*** Listed entries ***

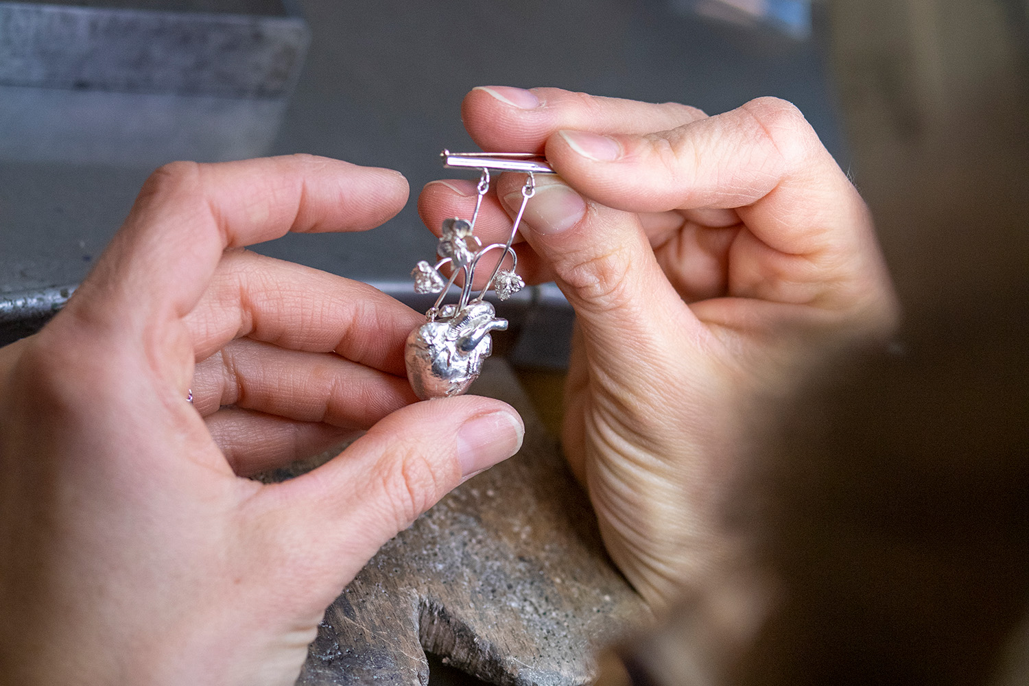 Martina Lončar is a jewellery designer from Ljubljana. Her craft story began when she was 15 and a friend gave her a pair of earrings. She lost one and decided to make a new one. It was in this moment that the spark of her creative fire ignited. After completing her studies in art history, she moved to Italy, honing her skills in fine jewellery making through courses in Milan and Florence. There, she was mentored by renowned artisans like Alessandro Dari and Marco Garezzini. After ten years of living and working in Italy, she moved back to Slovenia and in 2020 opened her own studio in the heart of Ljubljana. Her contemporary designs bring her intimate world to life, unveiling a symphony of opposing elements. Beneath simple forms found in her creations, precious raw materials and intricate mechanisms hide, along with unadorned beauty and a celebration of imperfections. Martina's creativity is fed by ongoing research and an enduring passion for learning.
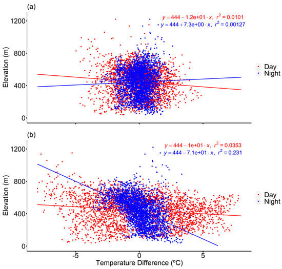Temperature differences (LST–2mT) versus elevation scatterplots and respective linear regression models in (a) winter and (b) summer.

*** End of Listed entries ***
*** Listed entries ***

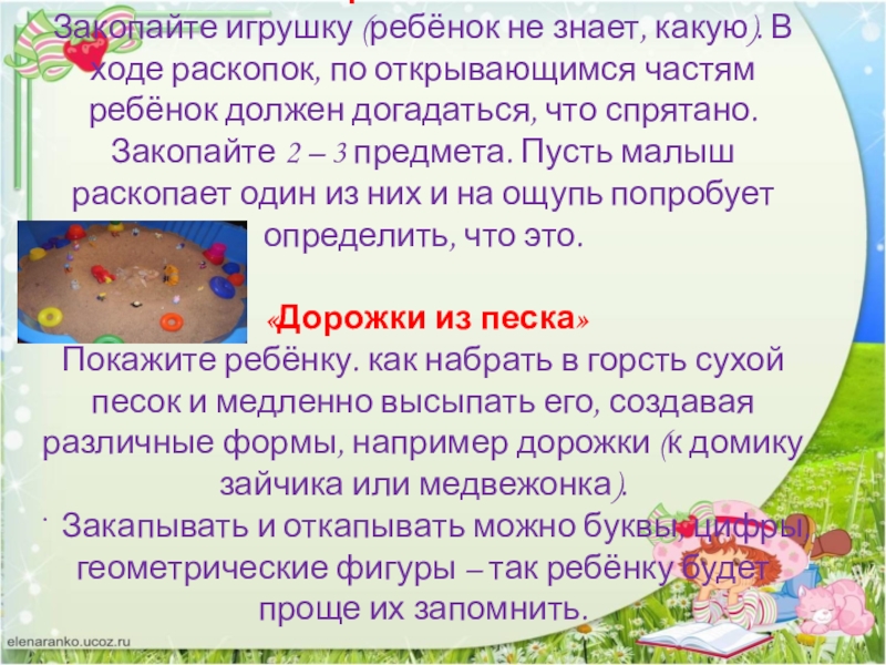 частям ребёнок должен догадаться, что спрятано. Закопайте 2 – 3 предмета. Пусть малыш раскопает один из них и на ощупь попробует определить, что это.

*** End of Listed entries ***

§ Work to be completed
Now transcribe the lines above exactly, starting at the line containing "Martina Lončar is" and ending at the line containing "Temperature differences (LST–2mT)", both lines included, pictures excluded.

§ Task answer
 Martina Lončar is a jewellery designer from Ljubljana. Her craft story began when she was 15 and a friend gave her a pair of earrings. She lost one and decided to make a new one. It was in this moment that the spark of her creative fire ignited. After completing her studies in art history, she moved to Italy, honing her skills in fine jewellery making through courses in Milan and Florence. There, she was mentored by renowned artisans like Alessandro Dari and Marco Garezzini. After ten years of living and working in Italy, she moved back to Slovenia and in 2020 opened her own studio in the heart of Ljubljana. Her contemporary designs bring her intimate world to life, unveiling a symphony of opposing elements. Beneath simple forms found in her creations, precious raw materials and intricate mechanisms hide, along with unadorned beauty and a celebration of imperfections. Martina's creativity is fed by ongoing research and an enduring passion for learning.
Temperature differences (LST–2mT) versus elevation scatterplots and respective linear regression models in (a) winter and (b) summer.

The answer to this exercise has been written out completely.